History

Great Britain
- Name: HMS Success
- Ordered: 9 October 1711
- Builder: Royal Dockyard, Portsmouth
- Launched: 30 April 1712
- Completed: 3 July 1712
- Commissioned: 1715
- Fate: Sold at Plymouth 22 July 1743

General characteristics
- Type: 24-gun Sixth Rate
- Tons burthen: 274+89⁄94 bm
- Length: 94 ft 6 in (28.8 m) gundeck; 73 ft 4.5 in (22.4 m) keel for tonnage;
- Beam: 26 ft 6.5 in (8.1 m) for tonnage
- Depth of hold: 11 ft 10 in (3.6 m)
- Sail plan: ship-rigged
- Armament: 20 × 6-pdr 19 cwt guns on wooden trucks (UD); 4 × 4-pdr 12 cwt guns on wooden trucks (QD);

= HMS Success (1712) =

HMS Success was a member of the Gibraltar Group of 24-gun sixth rates. After commissioning she spent her career in Home waters, the West Indies and the North America on trade protection duties. She was sold in 1743.

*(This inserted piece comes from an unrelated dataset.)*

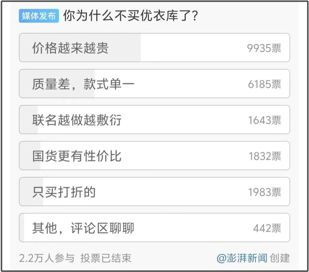 在2.2万人参与的“不买优衣库的理由”投票中,其中“价格越来越贵”成为压倒性的第一,而排名第二的原因则是“质量差、款式单一”。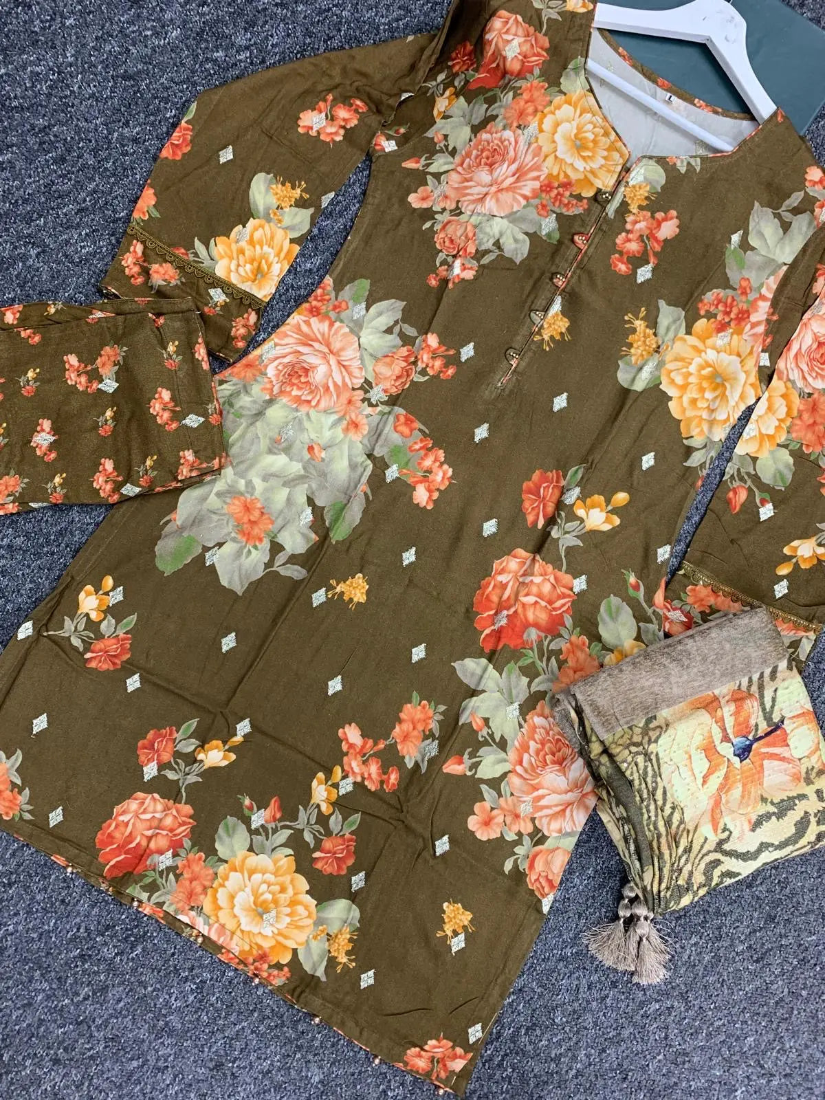 Printed Linen 3pc Readymade Traditional Womenswear | NIL081

Success was the sixth named vessel since it was used for a 34-gun ship captured from the French (Jules) on 19 October 1650 and sold in 1662 (known as Old Success from 1660).

==Construction==
She was ordered on 9 October 1711 from Portsmouth Dockyard to be built under the guidance of Richard Stacey, Master Shipwright of Portsmouth. She was launched on 30 April 1712. She was completed for sea on 3 July 1712 at an initial cost of £2,093.16.13/4d to build.

==Commissioned service==
She was commissioned in 1712 under the command of Commander John Briscoe, RN (promoted to captain in January 1713) for service in Virginia. With the death of Captain Briscoe in early 1714, Captain Samuel Meads, RN took command in January 1714. She returned to Home Waters to undergo a small repair at Deptford between September and December 1716 costing £1,302.8.91/2d. In 1716 Capt George Clinton, RN followed by Captain Isaac Townsend, RN in February 1720 were in command both serving in Ireland. She was refitted at Portsmouth for £1,866.9.61/2d during January/March 1724. She underwent a great repair at Portsmouth during October 1727 thru July 1728 at a cost of £4,640.3.0d. She was recommissioned in June 1728 with Captain William Smith, RN in command for service in the West Indies. February 1729 saw Captain Richard Symonds, RN in command followed by Captain Thomas Smith, RN in May 1730 for service in the English Channel. She was paid off in April 1732.

She was recommissioned under Captain Ellis Brand, for service in the North Sea followed by Captain John Towry, RN for service in the English Channel in November 1732. She paid off in November 1733. She underwent a small repair at Portsmouth in June 1735 costing £200.16.0d. Under Admiralty Order (AO) June 1739 she was converted to a fireship of 8 guns, six swivels and 55 men at Portsmouth at a cost of £2,552.14.0d during June to September 1739. Upon completion she was recommissioned under Commander James Peers, RN and joined Vernon's squadron in January 1740. Commander Daniel Hore, RN (promoted to captain in April 1741) took command in February and participated in the attack on Charges on 23 March 1741 followed by Cartagena Operations in March through April 1741. By February 1742 she was under the command of Commander Thomas Hanway, RN for service in the Channel Islands.

==Disposition==
HMS Success was sold at Plymouth for £450 on 22 July 1743.